Tel Aviv: tens of thousands march against occupation and for two states

Submitted by Matthew on 31 May, 2017 - 11:29 Author: Gerry Bates

On Saturday 27 May, between 15,000 and 20,000 Israelis demonstrated in Tel Aviv’s Rabin Square to mark the anniversary of the Six Day war the subsequent Israeli occupation of the West Bank and Gaza. The demonstration called for an end to the occupation and for “two states for two people”. In proportion to population, the turnout was equivalent to 140,000 in Britain.

Opposition leader and Labour Party head Isaac Herzog was booed as he came on stage. He, claimed Trump was “determined to bring peace between us and the Palestinians…who understands what his predecessors understood.” That assessment is a rather poor one.

When Trump went to Israel he talked about peace a lot but his notion of peace was, as veteran socialist Uri Avnery put it, based on the idea that everyone in the Middle East will do his, (Trump’s) bidding: “Trump came to Israel with the impression that the Saudi princes had just offered him a deal — Israel will free Palestine, Sunni Arabs and Israelis will become one happy family, they will fight together against bad old Shiite Iran. Wonderful. Only [Israeli Prime Minister] Netanyahu does not dream of freeing Palestine. He does not really give a damn about far-away Iran. He wants to hold on to East Jerusalem, to the West Bank and, indirectly, to the Gaza Strip.”

Herzog’s assessment of Trump may reflect his own political ambition to govern Israel. He used his speech to call for a new opposition alliance with the Zionist Union and others against Netanyahu. Fortunately other speakers at the rally were much clearer in their opposition to occupation and call for two states.
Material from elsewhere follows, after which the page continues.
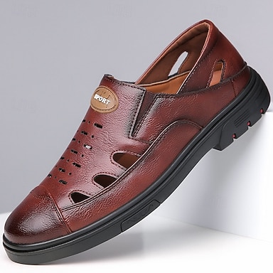 sandali casual da uomo in similpelle marrone, scarpe da esterno traspiranti con allacciatura elastica per le vacanze al mare e le avventure estive

Organisers of the rally also read a letter from Palestinian President Mahmoud Abbas, in which he pledged peace on the basis of the two-state solution. The rally is a hopeful sign. As indeed is a recent poll (by Israel’s Channel 2 TV station) which found that 47 per cent of Israelis still support a two-state solution to the conflict with the Palestinians based on 1967 borders. The same poll showed 39 per cent being opposed, and 14 per cent saying they did not know.